Цель эксперимента: Проникнуть в клинику «Гармония» под видом пациента. Изучить методику доктора М. И. Эйзенштейна изнутри. Определить механизм «Исправления». Сохранить целостность собственной личности и памяти.

Легенда прикрытия: Журналист, страдающий от профессионального выгорания. Жалобы на апатию, потерю смысла, навязчивые воспоминания о травмирующих событиях, свидетелем которых был по работе (командировки в горячие точки, расследования криминальных дел).

Риски: Потеря контроля над ситуацией. Необратимое изменение психики. Утрата эмоциональной восприимчивости, фрагментация или полное стирание ключевых воспоминаний. Утрата личности».

Он остановился на последней фразе. Утрата личности. Звучало как диагноз из фантастического романа. Но, глядя сегодня на Виктора Павлова, он понимал, что это не фантастика. Это было возможно. Эйзенштейн нашел способ. Хирург, который оперировал не тело, а душу, и ампутировал не органы, а чувства.

Артем встал и подошел к книжному стеллажу.
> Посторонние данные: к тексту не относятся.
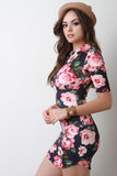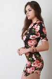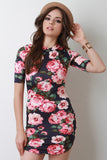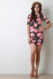 This cute rose print , stretch knit fabrication, mock neckline, half sleeves, a bod hugging fit, finished with a rounded hemline. Accessories sold separately. 95% Polyester, 5% Spandex.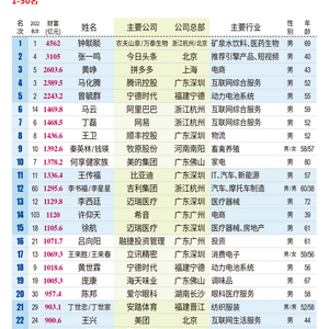 榜单显示,农夫山泉董事长钟睒睒连续第三年夺冠,远远超过第二名1400多亿元;字节跳动创始人张一鸣以身家3105亿元排第二;拼多多创始人黄峥身家2603.6亿元位居第三。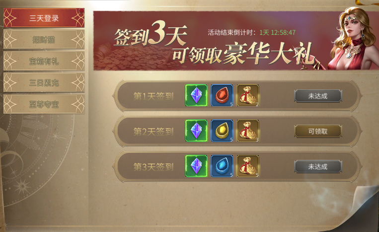VIP3:奖励翅膀经验丸*30、1000点伙伴声望卡*1、十万铜币袋*3;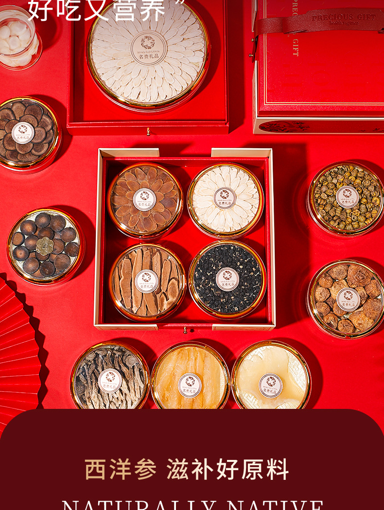 西洋参补品节日礼送父母长辈见家长补养生礼盒滋补五拼高档礼盒
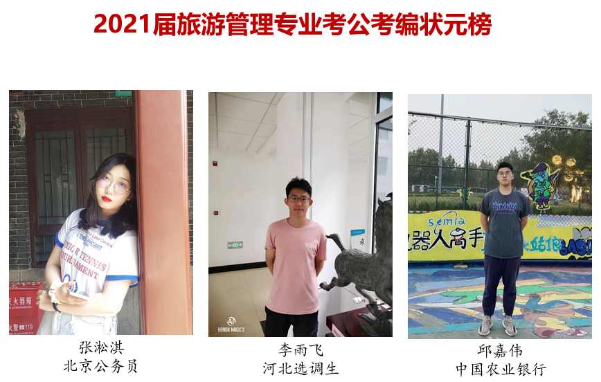 优质就业率达95%以上,可在旅游行政管理部门以及文旅集团、线上旅游公司、旅行社、旅游景区及相关教育培训机构等行业从事管理员、旅游大数据分析师、市场调研专员、研学导师、新媒体运营专员、旅游定制师、旅游体验分析师等;已有优秀毕业生考取北京林业大学、北京交通大学、安徽大学、海南大学、内蒙古大学、华南师范大学等985、211高水平大学研究生,考取北京公务员、河北选调生、黄山武装部文员、农业银行经理、博物馆讲解员、人民教师等。涌现出一大批优秀的旅游行业从业者代表,如在线旅游公司经理、国际领队、国际邮轮乘务员、全国万名旅游英才“金牌导游”、省金牌导游等佼佼者,收获无数好评。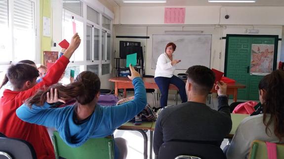 Aunque la actividad se intensifica con motivo del día contra la violencia de género, la lucha contra el maltrato se combate a lo largo de todo el año en el IES Virgen del Mar. «Se concibe como una asignatura trasversal que está presente en todas las clases», explica la responsable del Plan de Igualdad vigente. El centro dedica cada mes a trabajar la trayectoria de dos mujeres especialmente relevantes para la historia y dos valores. Este mes es el turno de Marie Curie, premio Nobel de Física y Química, y de Olympe de Gouges, escritora y autora de la Declaración de los Derechos de la Mujer y de la Ciudadana. Lo es también de la entrega y del trabajo. Asimismo, el alumnado está realizando pequeños trabajos de investigación relacionados con las mutilaciones, la trata de blancas o los mitos que rodean una relación emocional entre adolescentes. Actualmente se ha registrado un repunte de machismo entre adolescentes.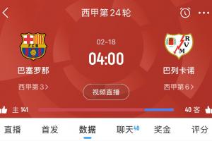 巴萨将在18号凌晨对阵巴列卡诺,取胜将登顶,他们联赛已三连胜。
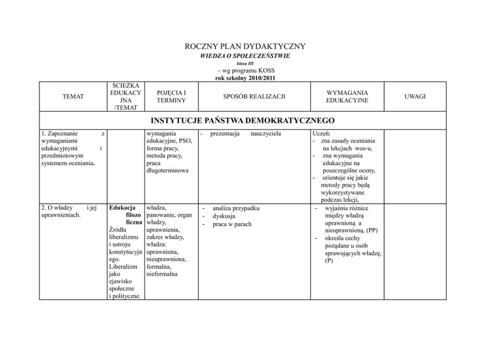 ROCZNY PLAN DYDAKTYCZNY WIEDZA O SPOŁECZEŃSTWIE klasa III – wg programu KOSS rok szkolny 2010/2011 TEMAT ŚCIEŻKA EDUKACY JNA /TEMAT POJĘCIA I TERMINY SPOSÓB REALIZACJI WYMAGANIA EDUKACYJNE INSTYTUCJE PAŃSTWA DEMOKRATYCZNEGO 1. Zapoznanie z wymaganiami edukacyjnymi i przedmiotowym systemem oceniania. 2. O władzy i jej uprawnieniach. wymagania edukacyjne, PSO, forma pracy, metoda pracy, praca długoterminowa Edukacja filozo ficzna Źródła liberalizmu i ustroju konstytucyjn ego. Liberalizm jako zjawisko społeczne i polityczne. władza, panowanie, organ władzy, uprawnienia, zakres władzy, władza: uprawniona, nieuprawniona, formalna, nieformalna - - prezentacja nauczyciela analiza przypadku dyskusja praca w parach Uczeń: - zna zasady oceniania na lekcjach wos-u, - zna wymagania edukacyjne na poszczególne oceny, - orientuje się jakie metody pracy będą wykorzystywane podczas lekcji, - wyjaśnia różnice między władzą uprawnioną a nieuprawnioną, (PP) - określa cechy pożądane u osób sprawujących władzę, (P) UWAGI 3. Rola konstytucji w państwie. 4. Władza ustawodawcza wykonawcza RP. Kultura polska na tle tradycji śródziemno morskiej Rzymski rodowód republiki. i w konstytucja, konstytucjonalizm, referendum konstytucyjne, Trybunał Konstytucyjny, skarga konstytucyjna, konkordat wybory, parlament, prezydent, rząd, władza ustawodawcza, wykonawcza, system: parlamentarny, prezydencki, mieszany ustawa, inicjatywa ustawodawcza, debata sejmowa, poprawki - praca w grupach analiza Konstytucji RP gromadzenie argumentów dyskusji - zabawa edukacyjna „Prawda czy fałsz” analiza dokumentów układanie słowniczka tematycznego - do - - - objaśnia , czym jest konstytucja, (P) zna główne funkcje konstytucji we współczesnym państwie demokratycznym, (PP) zna sposób powoływania parlamentu, (P) opisuje cechy charakterystyczne systemu parlamentarnego, prezydenckiego i mieszanego, (PP) zna uprawnienia rządu i prezydenta, (P) zna drogę ustawodawczą(P) określa kompetencje sejmu, senatu i prezydenta w czasie powstawania nowej ustawy, (PP) 5. Administrować, czyli zarządzać. administracja publiczna, administracja rządowa, administracja samorządowa, organ, urząd, urzędnik, służba cywilna - metoda tekstu przewodniego, analiza przypadku, metoda ćwiczeń praktycznych (redagowanie odwołania od decyzji administracyjnej) - - - - potrafi określić, co to jest administracja publiczna (P), rozróżnia kompetencje administracji publicznej, rządowej i samorządowej (PP) wskazuje zależności pomiędzy organami władzy rządowej samorządowej (PP), wymienia reguły, jakim powinien kierować się dobry urzędnik (P), potrafi napisać odwołanie od decyzji administracyjnej (PP). 6. Na straży prawa. 7. Kto patrzy władzy na ręce? norma prawna, akt prawny, zarządzenie statut, regulamin, funkcje prawa, kodeks sądy, apelacja, kasacja, prawo karne, administracyjne, cywilne, policja sąd karny, sąd cywilny, proces, prokurator, organa ścigania, domniemanie niewinności, wyrok, odwołanie, instancje - praworządność, kontrola państwowa, rzecznik praw obywatelskich, decyzja administracyjna - praca w grupach gry i zabawy edukacyjne układanie słowniczka „sądowego” - - metoda tekstu przewodniego, analiza przypadku, redagowanie wniosku do Rzecznika Praw Obywatelskich - - wie, czym różnią się normy prawne od innego rodzaju norm określa rolę prawa w życiu społecznym, potrafi wyjaśnić pojęcie niezawisłość sądów, zna zadania prokuratury i policji, określa, jakie sprawy powinny trafić do sądu karnego, jakie do cywilnego, zauważa główne różnice w postępowaniu sądowym w sprawach karnych i cywilnych, wymienia kompetencje Trybunału Stanu, Naczelnego Sadu Administracyjnego, Najwyższej Izby Kontroli, wie, z jakimi sprawami można zwracać się do RPO, redaguje wniosek do Rzecznika Praw Obywatelskich. 8. Test sprawdzający Instytucje państwa demokratycznego. 9. Kto działa w gospodarce? potrzeby ekonomiczne, czynniki wytwórcze, rzadkość dóbr, usługi, kapitał, decyzja, koszt utraconej szansy podmioty gospodarcze, gospodarstwo domowe, przedsiębiorstwo, obieg okrężny, zasoby, dochody - praca z tekstem analiza łańcucha zdarzeń wywiady - - - pracuje samodzielnie, właściwie planuje własną pracę, określa potrzeby ekonomiczne i możliwości ich zaspokojenia, (P) wie, czym są czynniki wytwórcze, (P) podejmuje decyzje ekonomiczne, (PP) wymienia podmioty funkcjonujące w gospodarce, (P) wskazuje różnice w zasobach, dochodach, działalności gospodarstw domowych i przedsiębiorstw, (P) potrafi omówić obieg okrężny, (PP) 10. W świecie pieniądza. 11. Budżet państwa. dochody, wydatki, budżet, konsument, kredyt, oszczędności, lokata, obligacja, akcja, rękojmia, gwarancja produkcja, rynek, konkurencja, podaż, popyt, cena równowagi rynkowej, monopol, giełda, akcje, barter, pieniądz kruszcowy, pieniądz papierowy, karta kredytowa, bank, kredyt, czek, depozyt, obrót bezgotówkowy, inflacja - podatek:dochodow y, od wartości dodanej(VAT),akc yza, cło, równowaga budżetowa, deficyt, nadwyżka, skarb państwa - analiza dokumentów praca w grupach praca ze słownikami - praca z testem symulacje odgrywanie ról - - dostrzega wpływ potrzeb rynku na produkcję, rozumie, czym jest konkurencja rynkowa, dostrzega niebezpieczeństwo monopolizacji, określa funkcje pieniądza, wymienia najważniejsze operacje bankowe, zna rodzaje podatków, (P) wie, skąd się biorą środki finansowe państwa i jak są wydatkowane, (P) dostrzega wpływ istnienia szarej strefy na budżet państwa, (PP) 12. Wybieram szkołę i zawód. 13. Szukam pracy. 14. Powtórka przed egzaminem Edukacja prozdrowotn a Działalność człowieka a zagrożenia zdrowia. rynek pracy, wynagrodzenie, kwalifikacje zawodowe, kariera zawodowa - Edukacja regio nalna Problemy społeczne mieszkańcó w gminy. bezrobocie, siła robocza, stopa bezrobocia, pośrednictwo pracy, CV, list mot

Пальцы скользнули по корешкам книг. Каждая из них была не просто набором страниц, а якорем, фрагментом его истории. Вот сборник стихов, который он читал матери в больнице, ее рука слабо сжимала его ладонь. Вот потрепанный том Ремарка, который он нашел у букиниста после первого расставания с Ольгой, его страницы пахли дождем и отчаянием. Вот справочник по криминалистике, подарок от Игоря Петровича после его первой успешной статьи, символ профессионального признания.

Его жизнь состояла из этих шрамов, зазубрин, счастливых случайностей и болезненных уроков. Он был суммой своего опыта. Если начать вычитать из этой суммы слагаемые, что останется в итоге? Ровная, гладкая поверхность. Пустота.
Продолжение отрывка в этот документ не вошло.